Canadian ice hockey player (born 1962)

Glenn Healy (born August 23, 1962) is a Canadian former professional ice hockey goaltender who played for 15 years in the National Hockey League (NHL). Prior to that, he was a member of the Western Michigan University ice hockey team, and 1985 graduate of the school. He also served as the director of player affairs for the National Hockey League Players' Association (NHLPA). He resigned on September 3, 2009, in the wake of the firing of NHLPA executive director Paul Kelly. In his capacity as director of player affairs, Healy also served as a non-voting member on the NHL Competition Committee, overseeing the NHLPA's interests regarding rule and equipment issues and player safety matters. He serves as the executive director/president of the NHL Alumni Association.

==Biography==
===Playing career===
During his career, Healy played for the Los Angeles Kings, New York Islanders, New York Rangers and the Toronto Maple Leafs. During the 1992–93 season, he helped lead an up-start New York Islander team to the Wales Conference Finals, shocking the two-time defending Stanley Cup Champion Pittsburgh Penguins along the way. In the 1993 off-season, the Islanders lost Healy to the Mighty Ducks of Anaheim in the expansion draft. The next day, he was claimed by the Tampa Bay Lightning in phase two of the draft. The very same day Healy was traded to the New York Rangers for a third round pick. Healy was a part of the Rangers' Stanley Cup winning team in 1993-94, and he played 68 playoff minutes that year. During the 1995–96 season, Healy won both the Rangers Good Guy Award and the Rangers Fan Club Ceil Saidel Award. At the time he won these awards, he was the Rangers' number-one goalie while Mike Richter was injured. Healy appeared on three video game covers during his career, his first being Electronic Arts' NHL Hockey in 1991, then in Jaleco's Pro Sport Hockey and later Sega's NHL All-Star Hockey '95, both for the Sega Genesis (Healy also appeared on the cover of the Game Gear release of NHL All-Star Hockey). Healy and Wayne Gretzky are the only two players to appear on at least three different video game franchise's covers (Healy is playing for a different team in all three covers).

===Broadcasting career===
After his long playing career he served as hockey colour commentator and studio analyst, first for the CBC and then for TSN. He also served as the secondary colour commentator for TSN Hockey and as an ice-level reporter for TSN's regional Toronto Maple Leafs telecasts. At the start of the 2009–10 NHL season, he moved back to analyzing games for CBC's Hockey Night in Canada before he joined the NHL on Sportsnet crew in 2014.

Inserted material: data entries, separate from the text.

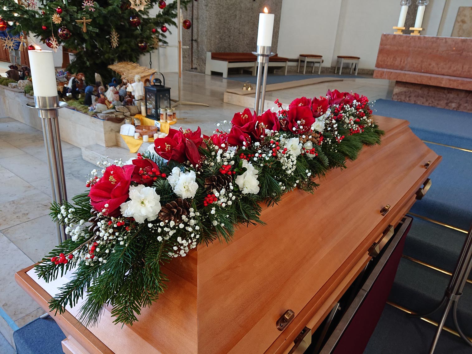 Sie können sich darauf verlassen, dass wir pünktlich und zuverlässig liefern, auch direkt zur Kapelle oder Kirche – damit Sie sich um nichts kümmern müssen.
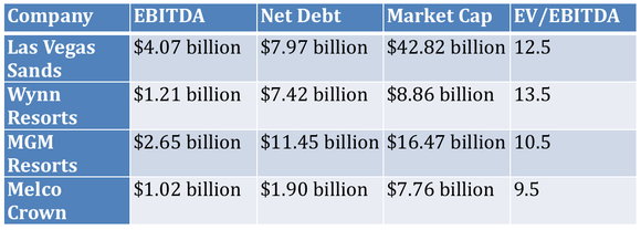 One of the best ways to measure a gaming company's value is by comparing enterprise value (net debt plus market cap) to EBITDA, a measure for cash flow coming from a resort. The figures for these four companies can be seen below.
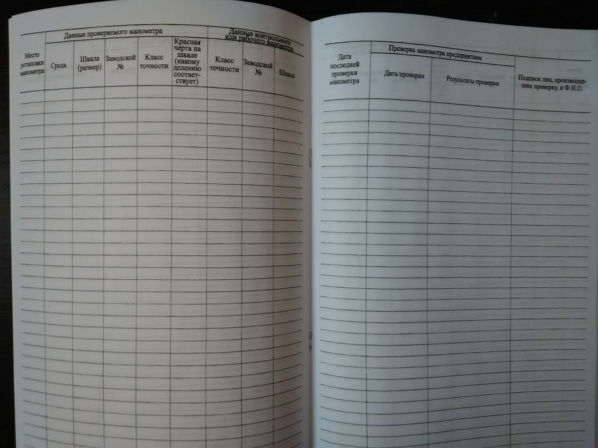 Журнал контрольных проверок манометров
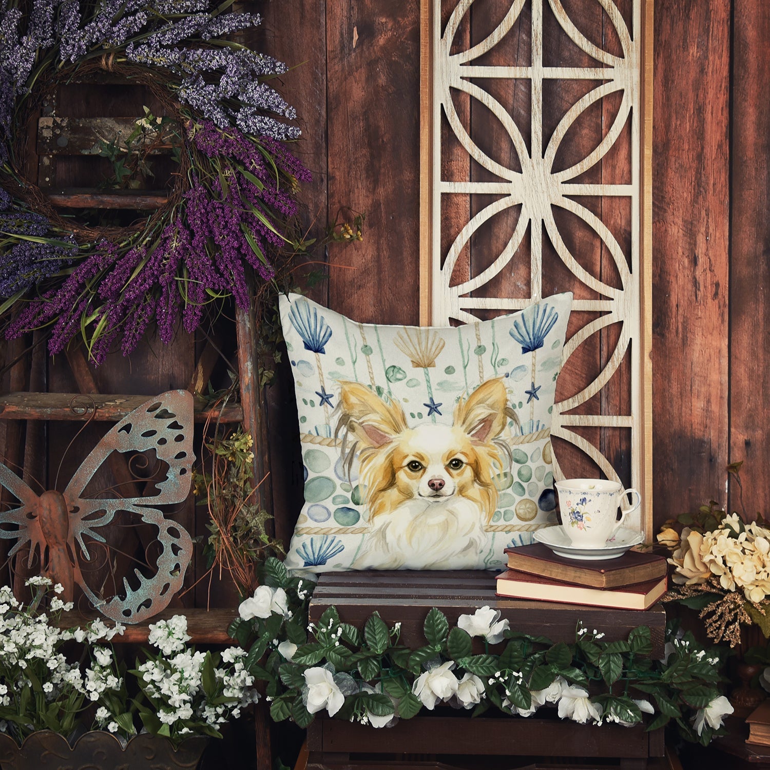 Throw Pillow featuring breed specific Papillon artwork. Revitalize your outdoor or indoor living space with Caroline's Treasures 18x18 Fabric Decorative Pillow. With a generously sized dimension of approximately 18 inches by 18 inches, this pillow makes a comfortable and aesthetic addition to any seating area. Made from a unique, water-resistant material developed by Caroline's Treasures, the pillow sham is 100% polyester fabric that's durable and ready to weather any condition. Its vibrant, full-color artwork will not fade over time as it is dyed with color-fast dyes. Whether you place it on your patio furniture, porch, veranda, or indoor couch, its soft canvas fabric ensures a cozy experience. The pillow is handcrafted in the United States, featuring a sham created from three pieces of fabric and a polyester insert for enduring shape and overstuffed comfort. Despite being robustly built to endure the outdoors, it is as soft and snug as your favorite indoor cushions. Please note, as all our pillows are handmade, sizes may vary slightly, adding to the charm of this unique decorative item.
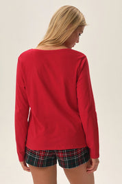 Comment rendre l’attente de l’Avent plus douce ? Le pyjama Feli réunit tout ce qu’il faut pour patienter jusqu’aux fêtes : une coupe confortable, une teinte chaleureuse et ce petit clin d’œil joyeux qui annonce Noël. Sur le haut, un message festif accompagné de cinq flocons de neige pour poser l’ambiance — sur le bas, un short à carreaux orné de petits boutons pour un charme classique et cosy.
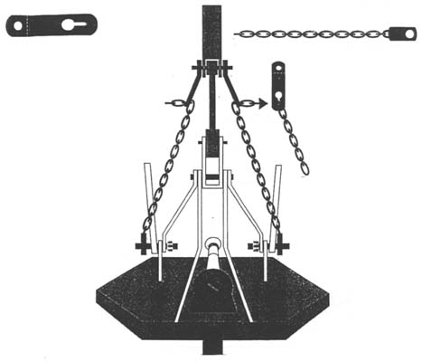 The chains hook to the top pin ends on the tractor rear and on the lift arms.

Healy created the "Loch Ness Monster" hockey analysis segment for TSN, in which he picked a player (or players) who was supposed to be a key player that night but did not turn out to be (the tagline being that the player is "the monster you hear about but don't see"). Bagpipes can be heard in the background and the chosen player is dubbed "tonight's Nessie". One notable occurrence was the March 29, 2008, broadcast of the Boston Bruins' 4-0 win over the Ottawa Senators, where Healy selected the entire Senators team that night as the "Nessie". The segment's title is a parody of fellow analyst Pierre McGuire's "Monster" segment, which focuses on a player's whose contributions have been particularly effective.

Healy was also a colour analyst for the 2007 Casino Rama Curling Skins Game finals on TSN.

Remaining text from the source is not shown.